Saturday, December 27, 2014

Post-Christmas Magic

Oh, the holidays.  Happy, happy!  Joy, joy!  Merry, merry!  It's the most wonderful time of the year!  Children especially just have that special little way of making you believe in the magic all over again.  Because with every cell in their tiny little bodies, they believe...  So much bliss, so many traditions, so many presents.

And then, in the middle of it all at our home, that one little word came------>

hate (hāt) verb:   
feel intense or passionate dislike for (someone)

It threatened to ruin the holidays.  

"I HATE you!" she screamed.

Yep.  It was uttered at the beginning of what I envisioned would be the start of a brilliant holiday break.  My fantasy went something like this:  visions of sugar-plum fairies dancing all around me and my itty-bittys with constant smiles and happy, easy children.  Children dressed in their cute Christmas outfits, in the best of moods every moment.  Because after-all, SANTA is coming!

Life is just messy, though, isn't it?  Fantasyland is no reality when there are two little lives running around trying to learn how to be.  Perfection is a lark when there's a 6-year old girl and 8-year old boy figuring out what it all means.

It had been a lovely night.  Cozied in by the fire.  And then the venom came...

It always happens like that with children.  The highs and lows are so vast, so quick to change.  Happy and carefree one minute, the depths of despair and hatred the next. 

This was NOT supposed to be part of the holiday break.  I'm not supposed to hear words like "hate" this time of year.  Reality was, exhaustion had set in, and there was just nothing more she could take.  (I'd be exhausted, too, if I were a child in this day and age.  Screen time, elves-on-shelves, school parties, and way too much sugar.)
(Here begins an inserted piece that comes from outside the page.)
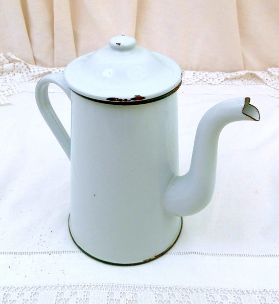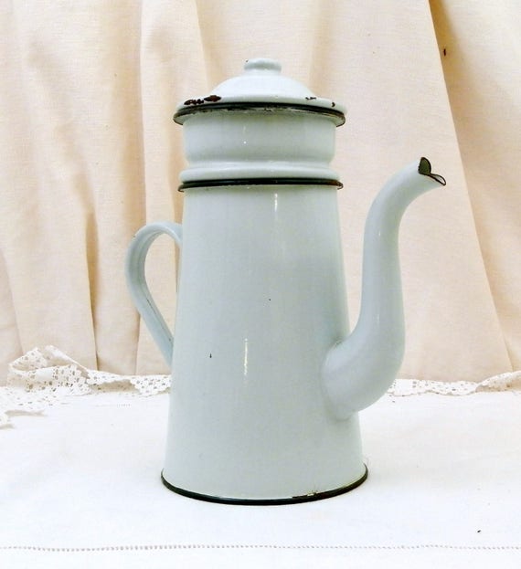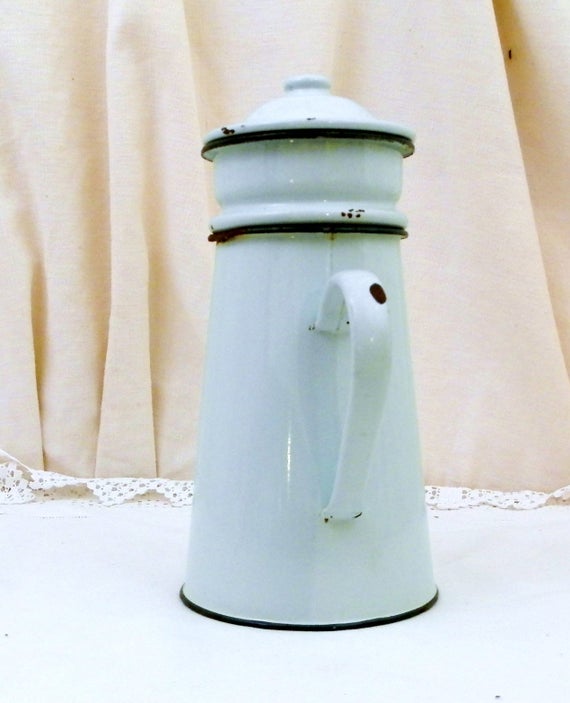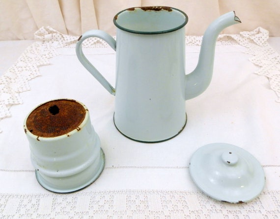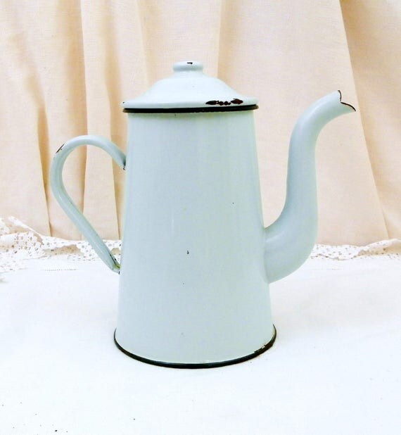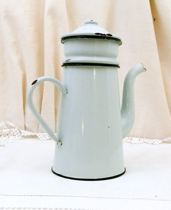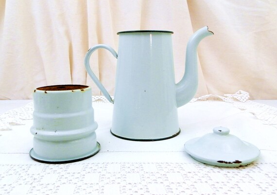 20% OFF coupon on Vintage Mint Green Enamel French 3 Piece Coffee Pot with Goose Neck Spout, Enamelware Pour Over Cafetiere from France, Retro French Country by VintageDecorFrancais

Calm existed for all of two seconds.

Then, his turn.

"I want a new family." 

What?  Words that cut deep.  No excuse for such talk, but if I'm being real and not living in fantasyland, I do recall running away from home myself a few times, annoyed with my family and all their 'stuff'.  That moment hearing it from your own child, though...  you think you've failed as a mother.  

I wanted to lay down and cry.  And I think I did for a few minutes.  But while I was lamenting their meltdowns by having my own, they managed to quickly turn it all around.
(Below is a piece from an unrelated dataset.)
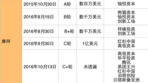 摩拜单车在共享单车大战里可以算是一只大军,这个行业内的先行者在几乎一年的时间里就已经完成了C+轮融资,投资金额达到了数亿美元。且投资方基本都是一些知名的投资机构,包括红杉、创新工场、贝塔斯曼、启明、熊猫、祥峰,甚至美团王兴也参与其中。

They were whispering how excited they were for momma to open the gifts they made, couldn't wait to see my face.

How can it just flip -so quickly-?


be·lieve/bəˈlēv/ 
verb

accept (something) as true; feel sure of the truth of.


I'm convinced it's because they believe.  They believe in the magic, in the goodness and innocence of life.  They don't get stuck, and they believe at the end of the day that all is well in their little worlds.  They haven't yet seen the horror life can and will bring.  

It's beautiful to watch.  And it's a gift and privilege I'm grateful for each day.  Maybe, just maybe, by watching them, I, too, will believe again.  

Until then, this----->

“I am your mother, the first mile of your road. Me and all my obvious and hidden limitations. That means that in addition to possibly wrecking you, I have the chance to give to you what was given to me: a decent childhood, more good memories than bad, some values, a sense of tribe, a run at happiness. You can't imagine how seriously I take that - even as I fail you. Mothering you is the first thing of consequence that I have ever done.”